In the Qwen-Image repo, @OzzyGT uses TorchAO. Could this be a solution to reduce the artifacts? 🤕🤔

both are correct, you can use torchao but if you want to use nf4 you should follow the same method I was using, you have to skip the transformer_blocks.0.img_mod layer or you will get degradation. It works with or without the lighting lora. It uses a little bit more than 17GB of VRAM with bitsandbytes and in 36s with a 3090 using the 8-steps lora.

prompt = "change the dog plushie for a cat preserving the background, the lighting, colors, shadows, also the cat plushie should have the same style of the dog plushie with the same eyes and lines."
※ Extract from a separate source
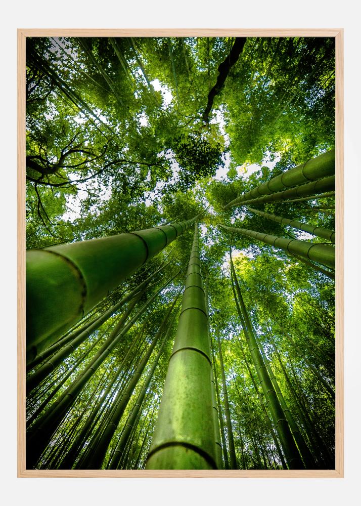 Ein Naturposter mit kräftigen grünen Bambuspflanzen. Schauen Sie hinauf in den Himmel, denn dieses Bild ist von dicken Bambusstämmen umgeben, die zu einem grünen Blätterdach in den Himmel führen. Stellen Sie sich vor, dass Sie in dieser ruhigen Dschungelwelt liegen, wenn Sie dieses Stück in Ihr Zuhause bringen.
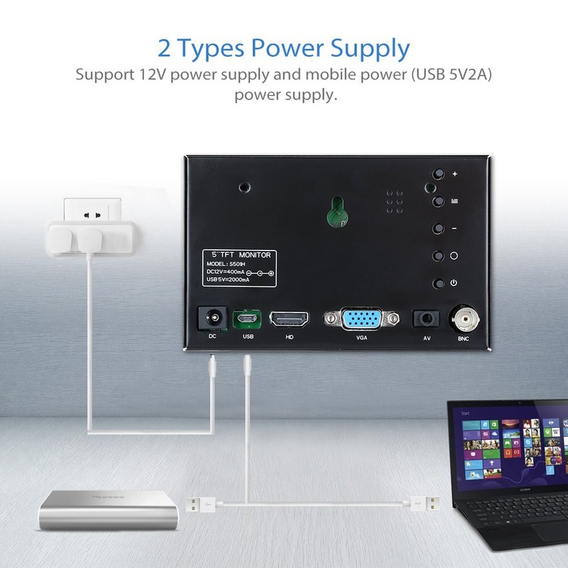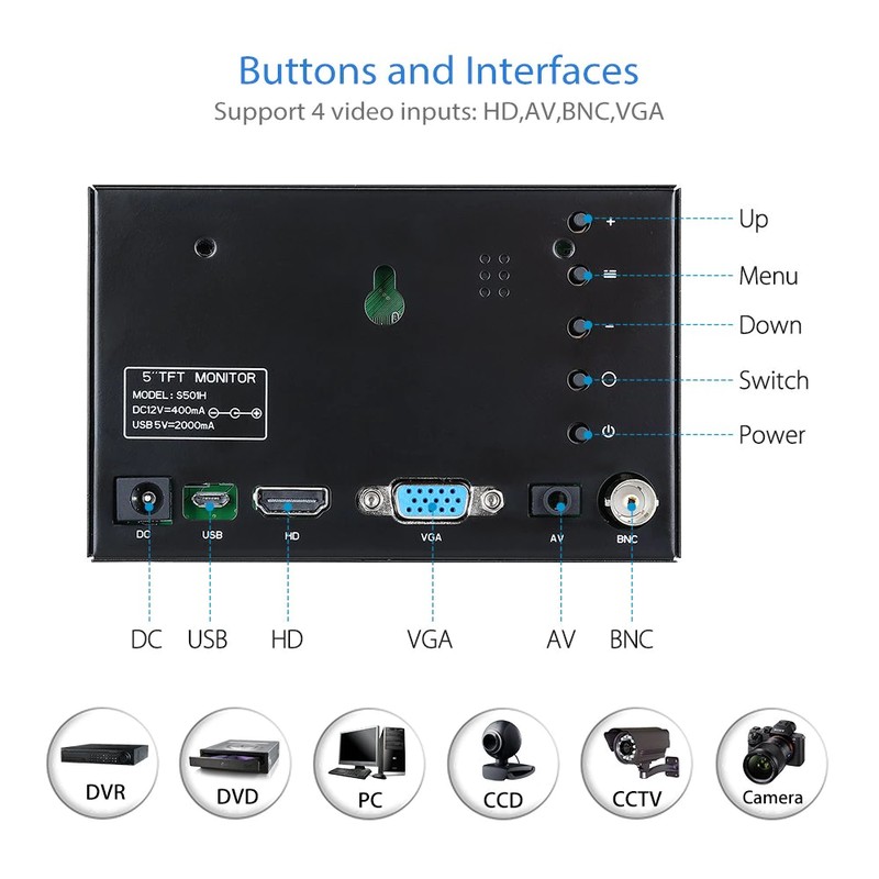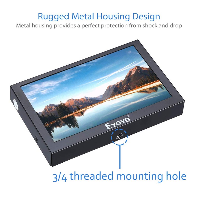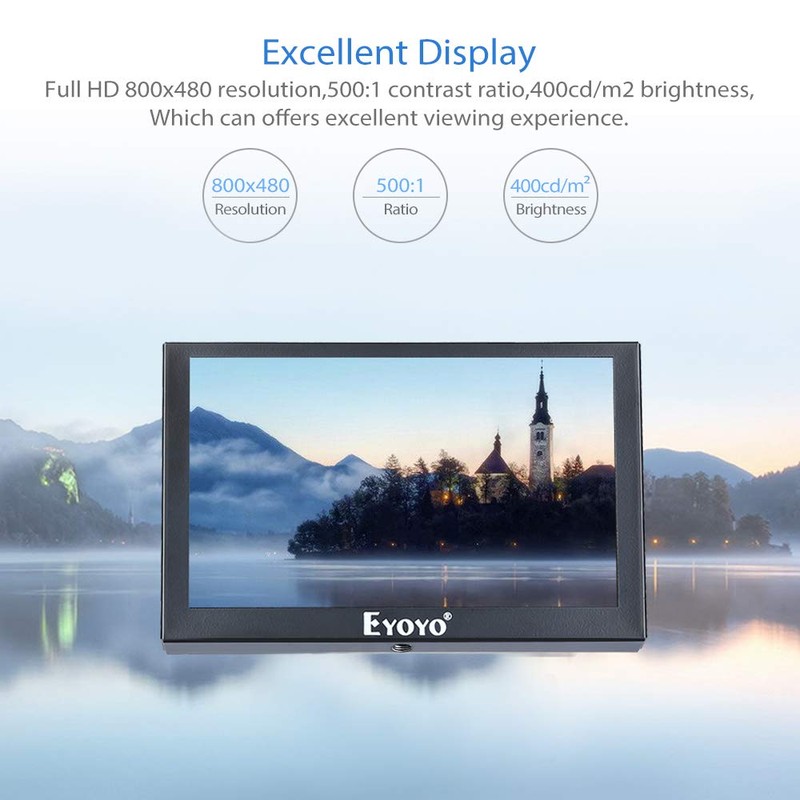 De Eyoyo mini HDMI multi-poort monitor, bieden Professionele fabriek kleur gekalibreerd Native resolutie HD 800*480 hoge resolutie Precieze Kleur. Het ondersteunt VGA, HDMI, BNC en AV ingangen zodat u gemakkelijk kunt verlengen de genot van vele apparaten op Full HD display. Wat meer, deze monitor ondersteunt USB charge en 12V DC voeding lading.

source lighting 8-steps 50steps
dog_plushie.png qwenimageedit.png cat_qwenimageedit_50steps.png

code:

import torch
from transformers import BitsAndBytesConfig as TransformersBitsAndBytesConfig
from transformers import Qwen2_5_VLForConditionalGeneration

from diffusers import BitsAndBytesConfig as DiffusersBitsAndBytesConfig
from diffusers import QwenImageEditPipeline, QwenImageTransformer2DModel
from diffusers.utils import load_image


model_id = "Qwen/Qwen-Image-Edit"
torch_dtype = torch.bfloat16
device = "cuda"

quantization_config = DiffusersBitsAndBytesConfig(
    load_in_4bit=True,
    bnb_4bit_quant_type="nf4",
    bnb_4bit_compute_dtype=torch.bfloat16,
    llm_int8_skip_modules=["transformer_blocks.0.img_mod"],
)
transformer = QwenImageTransformer2DModel.from_pretrained(
    model_id,
    subfolder="transformer",
    quantization_config=quantization_config,
    torch_dtype=torch_dtype,
)
transformer = transformer.to("cpu")

quantization_config = TransformersBitsAndBytesConfig(
    load_in_4bit=True,
    bnb_4bit_quant_type="nf4",
    bnb_4bit_compute_dtype=torch.bfloat16,
)

text_encoder = Qwen2_5_VLForConditionalGeneration.from_pretrained(
    model_id,
    subfolder="text_encoder",
    quantization_config=quantization_config,
    torch_dtype=torch_dtype,
)
text_encoder = text_encoder.to("cpu")

pipe = QwenImageEditPipeline.from_pretrained(
    model_id, transformer=transformer, text_encoder=text_encoder, torch_dtype=torch_dtype
)

# optionally load LoRA weights to speed up inference
pipe.load_lora_weights("lightx2v/Qwen-Image-Lightning", weight_name="Qwen-Image-Lightning-8steps-V1.1.safetensors")
# pipe.load_lora_weights(
#     "lightx2v/Qwen-Image-Lightning", weight_name="Qwen-Image-Lightning-4steps-V1.0-bf16.safetensors"
# )
pipe.enable_model_cpu_offload()

generator = torch.Generator(device="cuda").manual_seed(42)
image = load_image(
    "https://huggingface.co/datasets/OzzyGT/testing-resources/resolve/main/resources/dog_plushie.png"
).convert("RGB")

prompt = "change the dog plushie for a cat preserving the background, the lighting, colors, shadows, also the cat plushie should have the same style of the dog plushie with the same eyes and lines."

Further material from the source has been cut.